La R&D se divise chez nous en deux parties : une R&D très technique (du développement informatique pur), et une R&D qui vise à accompagner la diversification de nos activités, afin de sortir de nos marchés historiques que sont la banque et la simulation 3D. Le calcul HPC que nous proposons peut en effet aussi intéresser la recherche médicale, l’aérodynamisme, l’activité des fluides, le machine learning, le Big Data…

Beaucoup de DSI se plaignent de l’absence de méthodologies ouvertes et simples à appliquer, pour mesurer leur empreinte carbone et les efforts entrepris pour la diminuer. Que leur répondez-vous ?

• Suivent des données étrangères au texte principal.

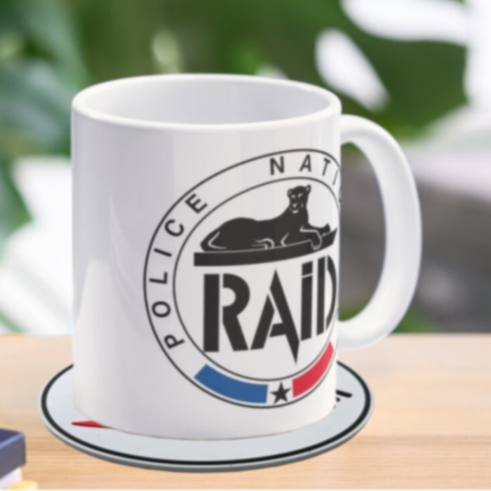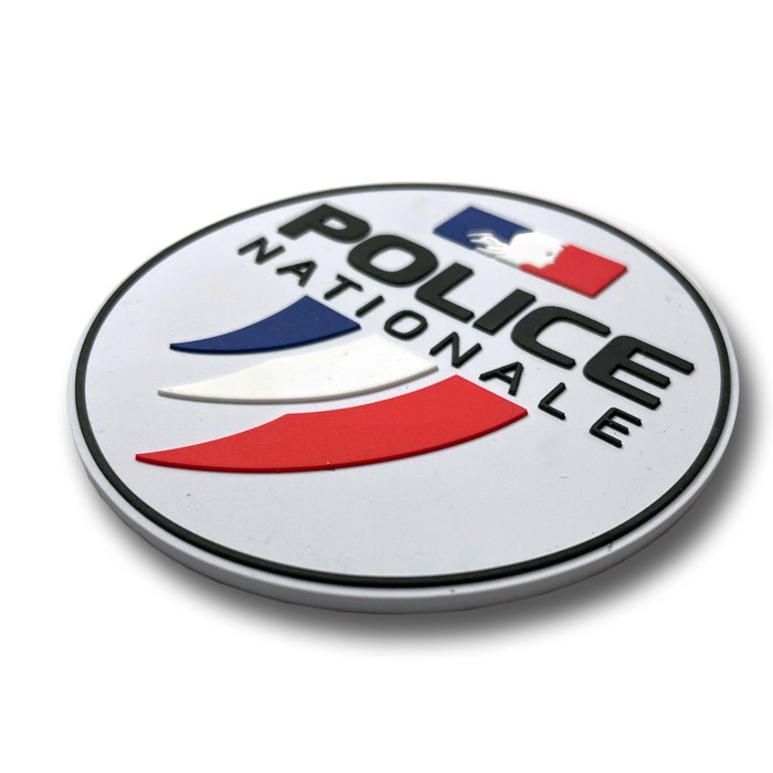 Dessous de mug / verre en pvc souple thermo injecté à l'image du nouveau logo de police 3 griffes
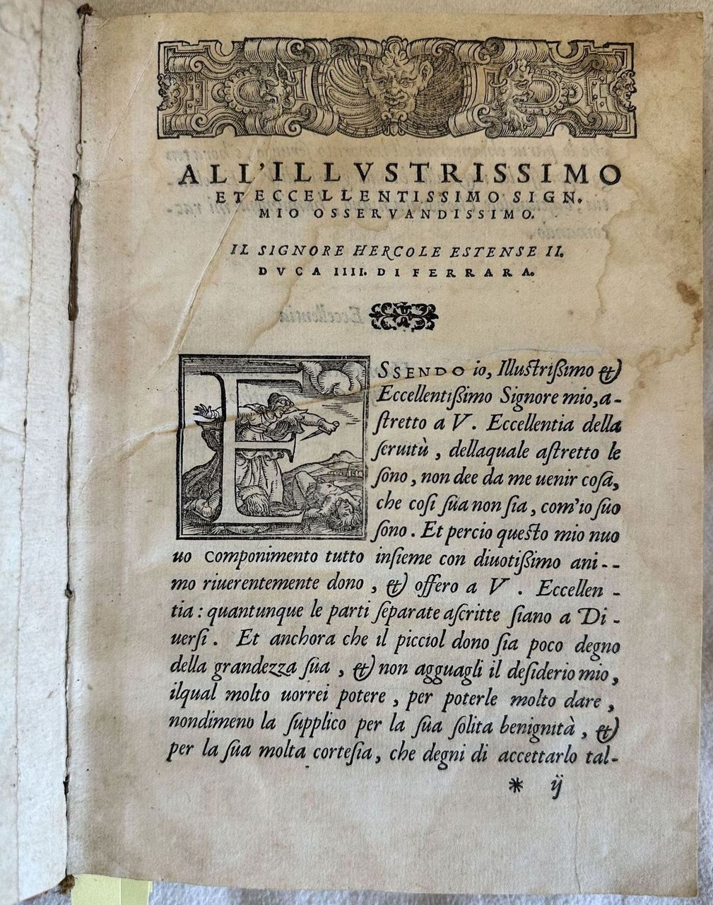 Prima edizione del 1554 della celebre opera del letterato poeta e drammaturgo Giovan Battista Giraldi Cinzio (Ferrara 1504-Ferrara 1573), considerato come uno dei maggiori esponenti della cultura ferrarese del Rinascimento. Giraldi scrisse numerose tragedie una delle quali utilizzata da Shakespeare come base per il suo "Otello". Professore di retorica a Ferrara e Torino è molto stimato come teorico del teatro e precursore di nuovi generi teatrali. I suoi "Discorsi" sono un'opera teorica sulla composizione dei romanzi, commedie e tragedie e diedero un notevole sviluppo sulla formazione degli autori successivi. "Prima edizione dell'importante contributo dato dal Giraldi alla teoria letteraria e alla codificazione di nuovi e vecchi generi (tragedia, tragicommedia, satira, egloga, commedia, romanzo, poema eroico), di cui egli stesso nel corso della sua carriera diede vari esempi (cfr. R. Bruscagli, G.B. Giraldi: comico, satirico, tragico, in "Il teatro italiano del Rinascimento", Milano, 1980, pp. 261 - 283). Cornice figurata al frontespizio: Fenice su un braciere acceso. Antiche note manoscritte nel testo. In buone condizioni. Copertina in mezza tela con titolo in oro su tassello al dorso in buone condizioni generali con lievi usure a margini e dorso. Legatura in buone condizioni. All'interno le pagine si presentano in ottime condizioni con rare fioriture. Rinforzo al margine di piegatura del frontespizio e mancanza al margine inferiore dell'ultima carta senza perdita di testo. In 8. Dim. 20x14,5 cm. Pp. (8)+287+(29). First edition of 1554 of the famous work of the letterate poet and dramawriter Giovan Battista Giraldi Cinzio (Ferrara 1504-Ferrara 1573), considered as one of the most important exponents of Rinascimento period in Ferrara. Giraldi wrote different tragedies one of them used by Shakespeare as a base for his "Otello". Teacher of rhetorics in Ferrara and Torino is an estimeed theoric of theatre and creator of new theatre kinds. His "Discorsi" are a theorical work about the composition of novels, plays and tragedies and had an important contribution to the formation of authors . "Prima edizione dell'importante contributo dato dal Giraldi alla teoria letteraria e alla codificazione di nuovi e vecchi generi (tragedia, tragicommedia, satira, egloga, commedia, romanzo, poema eroico), di cui egli stesso nel corso della sua carriera diede vari esempi (cfr. R. Bruscagli, G.B. Giraldi: comico, satirico, tragico, in "Il teatro italiano del Rinascimento", Milano, 1980, pp. 261 - 283). Figurated frame in the title page. Ancient handwritten notes in the text. In good conditions Half cloth cover with gilted title and decorations in the spine in good general conditions lightly worn in the extremities. Binding in good conditions. Pages in very good conditions with occasional foxing. Reinforcement in the folding edge of title page and missing part in the foot edge of the last page with no loss of text. In 8. Dim. 20x14,5 cm. Pp. (8)+287+(29).

Je leur dirais que nous commençons à avoir de la matière, du fond et des chiffres. Des rapports tels que ceux du Shift Project ou de l’Ademe / Arcep y contribuent fortement. Sur les méthodologies, il y a un certain nombre d’associations comme l’INR qui sont vraiment proactives sur ce terrain. Les outils ne sont certes pas encore totalement peaufinés mais ils ont le mérite d’exister.

Avec le groupe Casino, vous avez créé en 2019 une co-entreprise – ScaleMax – afin d’implanter des datacenters au sein des entrepôts de Casino. Les sites ScaleMax sont approvisionnés en énergie verte par GreenYellow, filiale de Casino, et la chaleur qu’ils dégagent est réutilisée pour chauffer les bâtiments. Comment se porte cette activité ?

Cette co-entreprise est la preuve que nous pouvons implanter à peu près n’importe où du matériel informatique dont on peut valoriser la chaleur. ScaleMax a eu une très bonne accélération de son activité, notamment parce que c’était un projet de Casino de se concentrer sur l’IT et le cloud. Nous avons deux sites (en région parisienne et dans la Loire) qui sont fonctionnels et très bien exploités, c’est pour nous une belle grille de calcul supplémentaire.